Correlation function arm_correlate_f32 has wrong output array length expectation for NEON

ARM-software / CMSIS-DSP

CMSIS-DSP embedded compute library for Cortex-M and Cortex-A

https://arm-software.github.io/CMSIS-DSP

Apache License 2.0

518 stars 133 forks source link

Correlation function arm_correlate_f32 has wrong output array length expectation for NEON #120

Open yuvpg opened 1 year ago

yuvpg commented 1 year ago

arm_correlate_f32() expecting the output array size to be 2*srcALen - 1 instead of srcALen + srcBLen - 1 for ARM_MATH_DSP case.

Maybe just changing line 361 will be enough to fix the issue.

Now the output is unexpected, and call leads to buffer overflow if you don't guess output array size correctly:

    const int kerN = 7;
    float ker[kerN] = {+1,+1,+1,-1,-1,+1,-1};
    const int dataN = 21;
    float data[dataN] = {0, 0,+1,+1,+1,-1,-1,+1,-1, 0, 0, 0, 0, 0, 0, 0, 0, 0, 0, 0, 0};

    const int resN = 2*dataN-1; // why so long array needed?
    float res[resN];

    for (int i = 0; i < resN; i++) {
        res[i] = NAN;
    }

    arm_correlate_f32(data, dataN, ker, kerN, res);

results in

res={nan,nan,nan,nan,nan,nan,nan,nan,nan,nan,nan,nan,nan,nan,0,0,-1,0,-1,0,-1,0,7,0,-1,0,-1,0,-1,0,0,0,0,0,0,0,0,0,0,0,0};

christophe0606 commented 10 months ago

In the documentation I can read:

The pDst should be initialized to all zeros before being used.

and also in documentation:

size of buffer should 2 * max(srcALen, srcBLen) - 1

So I don't see any bug. It behaves as expected but I agree that it may be improved to use less memory.

I think the reason it is done like that is to:

Avoid tests in the code
Avoid having to pad the entries so that buffers have same lengths

rohardy commented 6 months ago

From the documentation :

The result c[n] is of length 2 * max(srcALen, srcBLen) - 1 and is defined over the interval n=0, 1, 2, ..., (2 * max(srcALen, srcBLen) - 2). The output result is written to pDst and the calling function must allocate 2 * max(srcALen, srcBLen) - 1 words for the result.

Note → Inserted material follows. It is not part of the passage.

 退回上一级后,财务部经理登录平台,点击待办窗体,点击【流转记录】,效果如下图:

but should not the result c[n] be defined over the interval n=0, 1, 2, ..., srcALen + srcBLen - 2 ? Since a full correlation returns an array of size srcALen + srcBLen - 1 .

Edit

Depending of whether scrALen is greater than srcBLen (or not), c[n] is not defined on the same interval.

If srcALen < srcBLen then n=0, 1, 2, ..., srcALen + srcBLen - 2. If srcALen > srcBLen then n=srcALen-srcBLen,..., 2*srcALen - 2

I found the documentation a bit misleading about the definition domain of c.

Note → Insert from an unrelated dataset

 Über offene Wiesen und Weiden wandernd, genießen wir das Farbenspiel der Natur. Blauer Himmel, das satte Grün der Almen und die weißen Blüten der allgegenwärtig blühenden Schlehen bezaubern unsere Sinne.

christophe0606 commented 6 months ago

@rohardy The output is padded with zeros. It is longer than what is strictly needed.

rohardy commented 6 months ago

@christophe0606 I understand, but I think the documentation could be more precise about where the actual result lays.

christophe0606 commented 6 months ago

@rohardy You're right. Documentation will be improved.